Representing the real world as data

How would you create an information system to organize and manage the huge variety of geographic stuff in the world? One approach is to think of all that stuff in terms of discrete objects.

The discrete-object view of the world

If you conceive geography in terms of objects, you can sort these objects on the basis of similarities. Shape is a fundamental sorting principle: every object can be drawn—in two dimensions—as either a point, a line, or a polygon. Theme, or type, is another principle: every object can be classified as a school, a road, a park, or a something-or-other.

Applying these sorting principles of shape and theme, we can come up with collections of things we would recognize on a map: schools represented as points, roads represented as lines, parks represented as polygons, and so on.

Points, lines, and polygons representing geographic objects on a map

Each object in a collection has a unique location, specified by a pair of spatial coordinates (for points) or a list of coordinate pairs (for lines and polygons).

A polygon shown next to the list of coordinate pairs that defines its location

Besides a unique location, every object in a collection has a set of facts that pertain to it: a name, address, description, or whatever bits of information have been gathered about it. These facts are the object's attributes.

A table of park attributes, including park name, category, and address

In ArcGIS, such a collection of objects—with a common shape, common theme, common attributes, and spatial coordinates—is called a feature class. An individual object in the collection is a feature. The feature class is the basic storage unit for GIS data created according to the discrete-object model of the world, or the vector data model, as it's usually called.

Feature classes can be stored in a couple of different file formats: geodatabase or shapefile. The geodatabase format is newer and more sophisticated.

A side-by-side view of geodatabase and shapefile feature classes
A directory view of feature classes in geodatabase format (left) and shapefile format (right). Distinct icons are used for point, line, and polygon feature classes.

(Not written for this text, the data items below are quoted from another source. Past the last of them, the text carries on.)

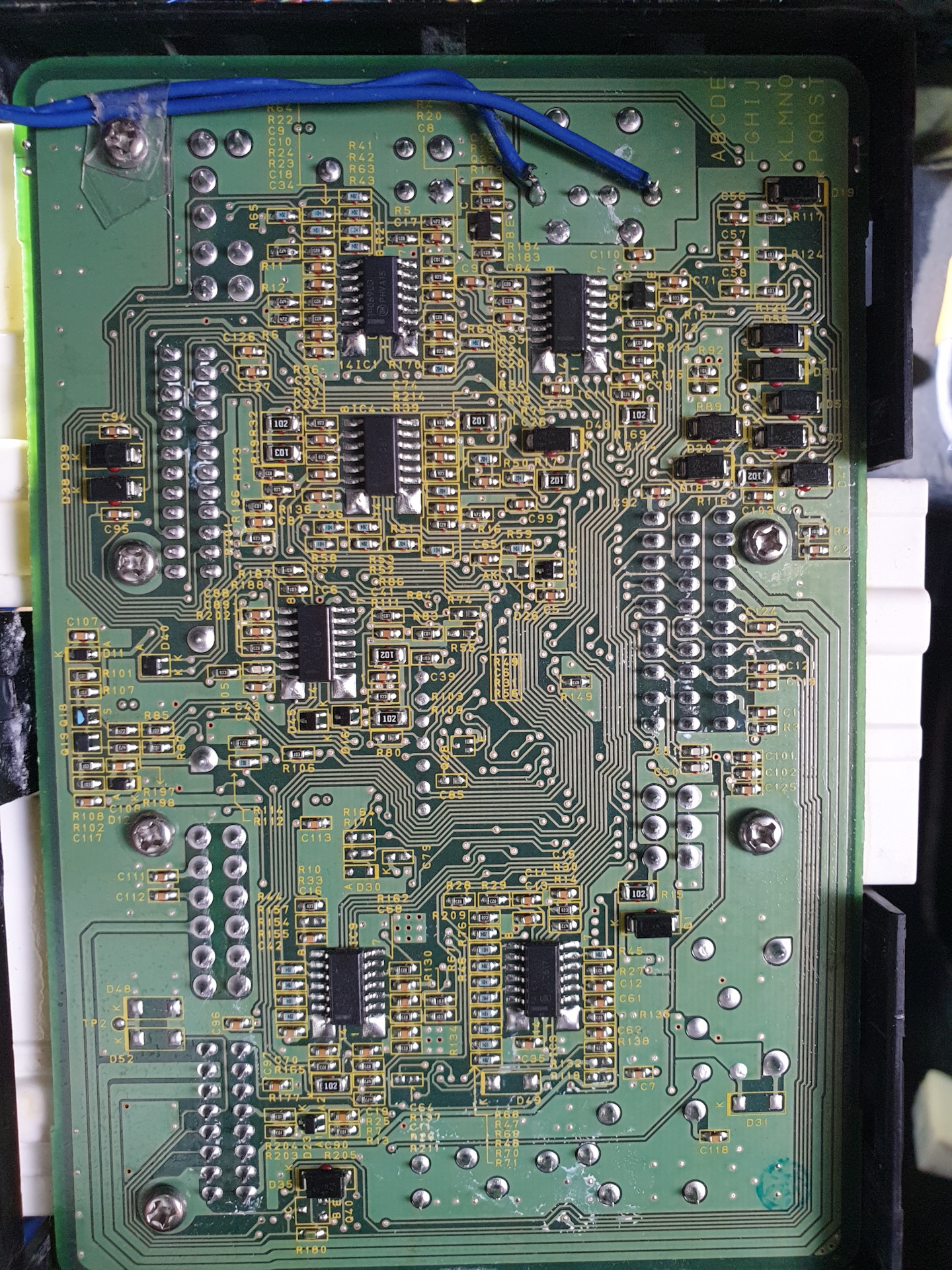режем дорожку к крайнему реле с двух сторон сверлим отверстие и паяем новый проводок. Я использовал лишний провод от реле R2 зелено-черный. Кстати про реле R2 Оставшиеся 2 провода подключаем проводкам желтого разъема под рулём. Манипуляции с этим разъёмом лучше проводить с отключенным аккумулятором. Там есть жёлто-чёрный и жёлто-красный провод при удачном воздействии на них приводит к сюрпризу в виде прилёта подушки руля в лицо.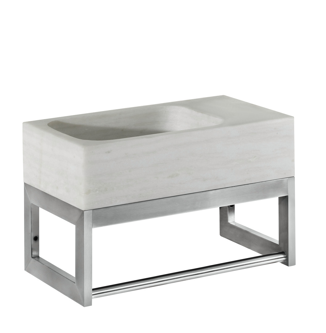 Werkstoff kalkhaltiger Naturstein, für Wandmontage, mit Edelstahl-Wandgestell, mit Hahnloch, links oder rechts zu montieren, ohne Überlauf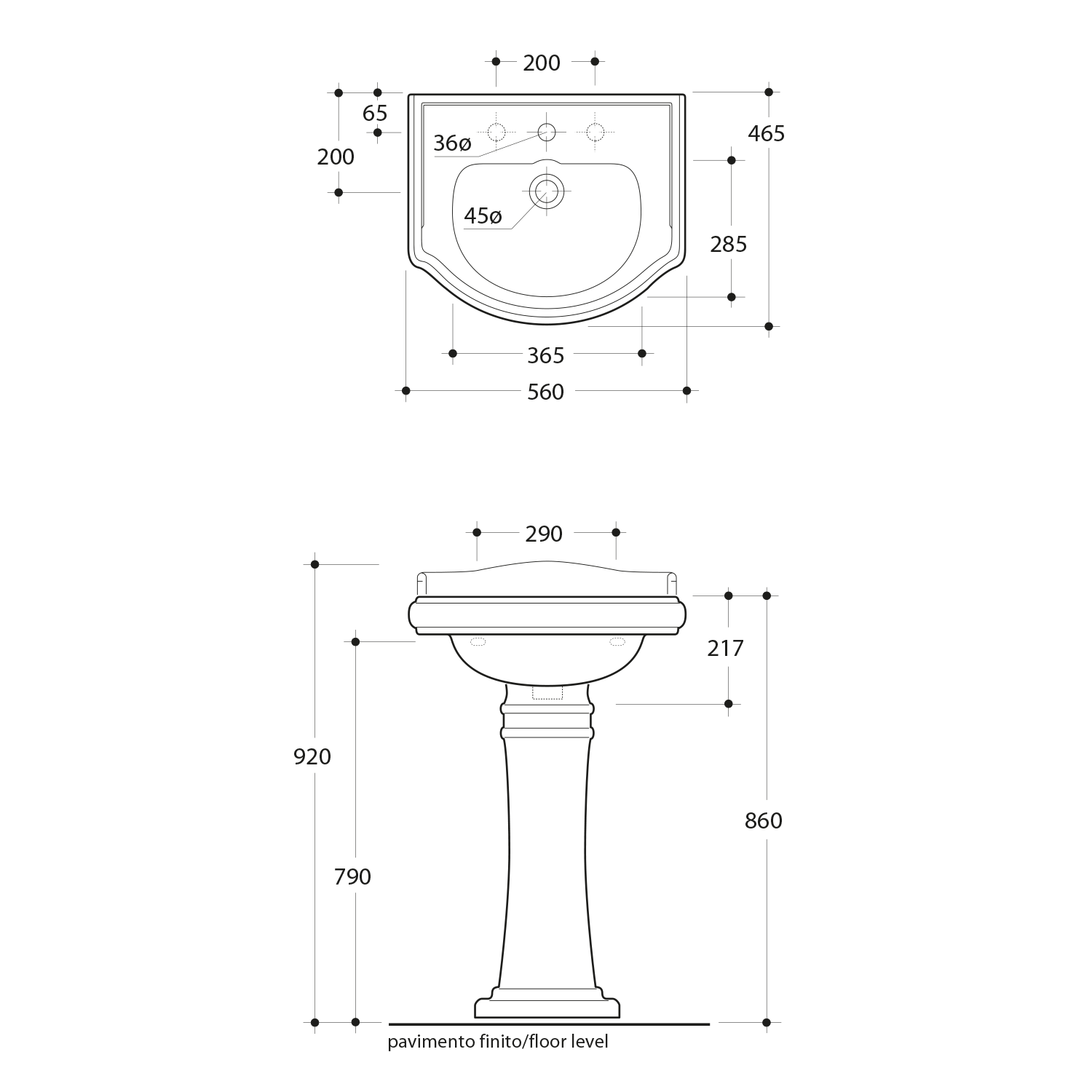 102001 KERASAN RETRO álló bidé, 1 furattal, 38,5x41x60cm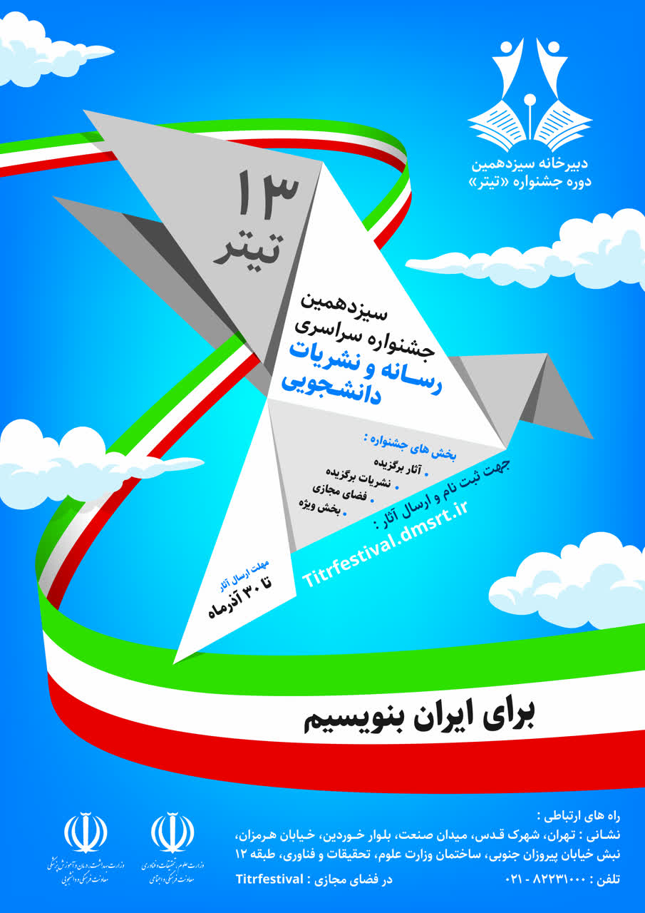 جشنواره سراسری رسانه و نشریات دانشجویی کشور تیتر ۱۳ - معاونت فرهنگی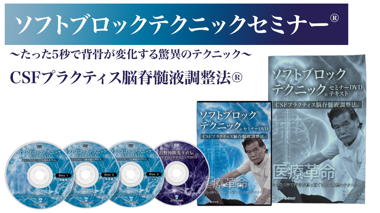| ソフトブロックテクニック®セミナー ~たった5秒で背骨が変化する驚異のテクニック~ CSFプラクティス脳脊髄液調整法® | 29,800円 (税込32,780円) |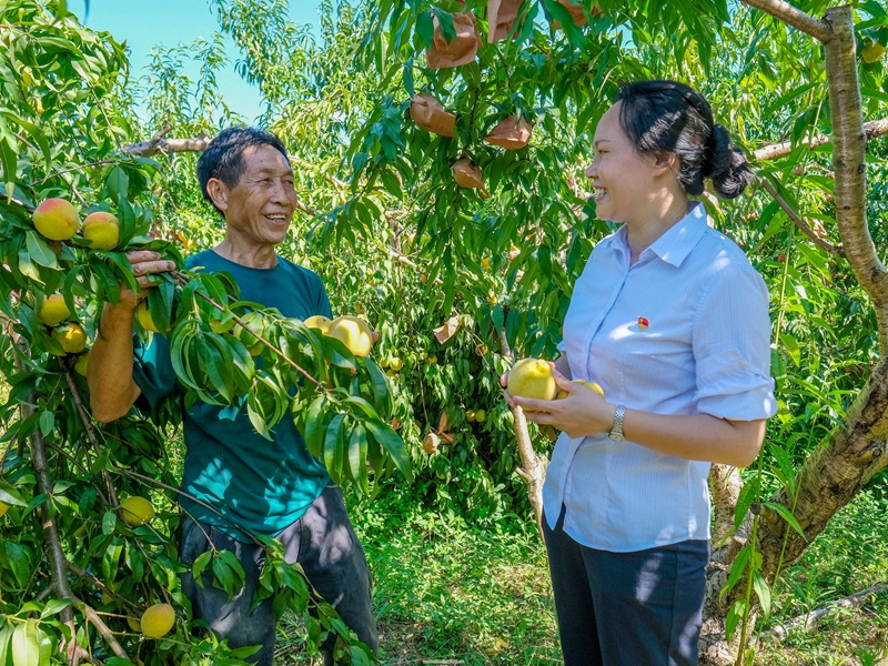 为夯实乡村振兴的产业基础,中国银行湖南省分行加大对大型粮商、地方农垦企业的金融支持,针对各地特色产业,按照“一县一特、一特一片”思路创新专属金融产品,支持优质农产品精深加工及冷链物流等客户开展产业链整合,支持农业产业化龙头企业及联合体发展,延伸农业产业链,推动农村一二三产业融合发展。截至2022年8月末,该行涉农贷款同比增速超50%。图为该行工作人员在衡阳祁东县友文生态家庭农场了解黄桃采摘及销售情况。

The continuous-surface view of the world

Although it's a very powerful model, the discrete-object view is not an intuitive way to think of certain aspects of geography, like elevation or climate, that don’t really have shapes or boundaries and that cover the world everywhere. Although it's possible to represent these geographic states-of-being with shapes (for example, contour lines can be used to represent elevation), a more natural way to think of them is in terms of continuous expanses, or surfaces.

Surfaces can be modeled in different ways, but the most common way is as a matrix of square cells, or pixels. Each cell represents a unit of area, such as a square meter, and stores a measured value for some geographic condition or at that location. In this example, each cell represents thirty square meters of ground and stores an elevation value.

A matrix of cells with a number inside each cell

This way of modeling surfaces is called the raster data model. It's commonly used for elevation and elevation-related data (slope, aspect); for temperature, precipitation, and land cover; for statistically derived data, such as densities and means; and, especially, for imagery.

The raster dataset is the basic storage unit for GIS data created according to the continuous-surface model of the world. Raster datasets can also be stored in geodatabase format or in a variety of standard image file formats, such as TIFF and JPEG.

A side-by-side view of raster datasets in a geodatabase among feature classes and in a folder among shapefiles

Feature classes and rasters are complementary. In many maps, rasters are used for background display, while feature classes are used for foreground display and analysis.